Work to be completed: Go to the line below that contains "शिवसत दी है।". From there to the end of the records, reproduce each line exactly, except the pictures.

(Records contained in a dataset)
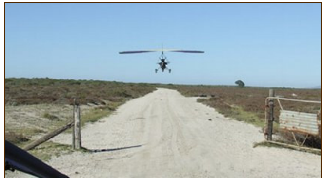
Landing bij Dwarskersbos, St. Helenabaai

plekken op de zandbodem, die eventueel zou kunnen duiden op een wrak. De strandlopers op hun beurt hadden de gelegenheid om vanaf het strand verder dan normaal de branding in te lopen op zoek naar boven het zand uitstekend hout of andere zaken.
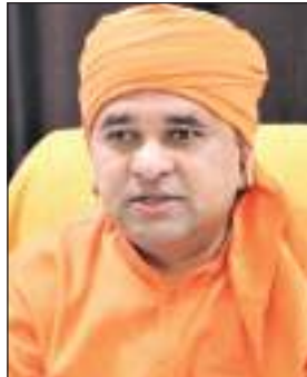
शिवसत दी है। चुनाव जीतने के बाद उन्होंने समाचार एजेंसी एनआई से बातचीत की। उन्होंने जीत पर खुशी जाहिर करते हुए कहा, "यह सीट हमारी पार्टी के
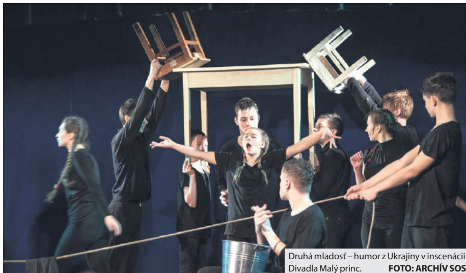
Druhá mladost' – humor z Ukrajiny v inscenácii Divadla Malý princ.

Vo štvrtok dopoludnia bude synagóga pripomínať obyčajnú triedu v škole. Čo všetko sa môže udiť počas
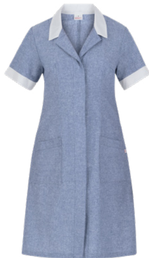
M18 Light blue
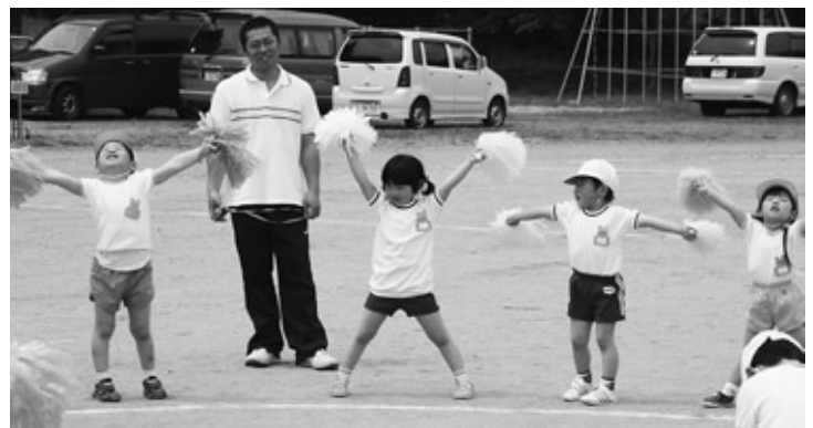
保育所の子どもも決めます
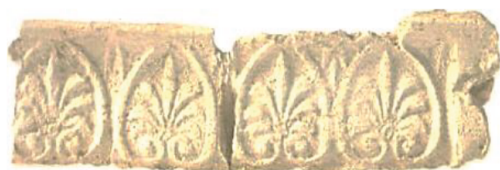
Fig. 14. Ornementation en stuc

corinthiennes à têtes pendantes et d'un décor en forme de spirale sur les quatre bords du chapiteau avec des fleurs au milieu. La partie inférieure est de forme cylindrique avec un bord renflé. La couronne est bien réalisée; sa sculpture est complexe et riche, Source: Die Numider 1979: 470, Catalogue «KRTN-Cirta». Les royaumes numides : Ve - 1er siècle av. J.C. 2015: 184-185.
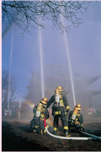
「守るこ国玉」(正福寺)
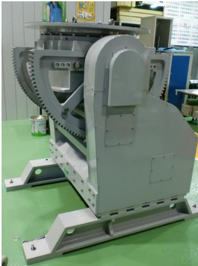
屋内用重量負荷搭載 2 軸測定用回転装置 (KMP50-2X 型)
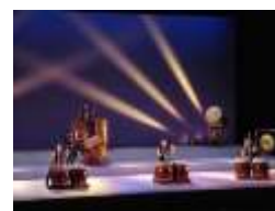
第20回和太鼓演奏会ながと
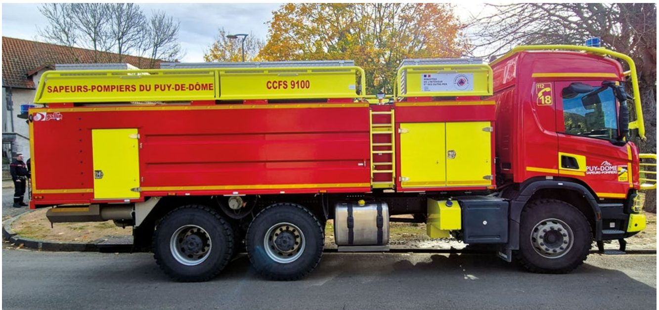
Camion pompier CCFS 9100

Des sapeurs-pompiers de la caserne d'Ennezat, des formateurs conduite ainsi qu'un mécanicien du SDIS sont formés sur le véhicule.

Solution:
शिवसत दी है। चुनाव जीतने के बाद उन्होंने समाचार एजेंसी एनआई से बातचीत की। उन्होंने जीत पर खुशी जाहिर करते हुए कहा, "यह सीट हमारी पार्टी के
Druhá mladost' – humor z Ukrajiny v inscenácii Divadla Malý princ.

Vo štvrtok dopoludnia bude synagóga pripomínať obyčajnú triedu v škole. Čo všetko sa môže udiť počas
M18 Light blue
保育所の子どもも決めます
Fig. 14. Ornementation en stuc

corinthiennes à têtes pendantes et d'un décor en forme de spirale sur les quatre bords du chapiteau avec des fleurs au milieu. La partie inférieure est de forme cylindrique avec un bord renflé. La couronne est bien réalisée; sa sculpture est complexe et riche, Source: Die Numider 1979: 470, Catalogue «KRTN-Cirta». Les royaumes numides : Ve - 1er siècle av. J.C. 2015: 184-185.
「守るこ国玉」(正福寺)
屋内用重量負荷搭載 2 軸測定用回転装置 (KMP50-2X 型)
第20回和太鼓演奏会ながと
Camion pompier CCFS 9100

Des sapeurs-pompiers de la caserne d'Ennezat, des formateurs conduite ainsi qu'un mécanicien du SDIS sont formés sur le véhicule.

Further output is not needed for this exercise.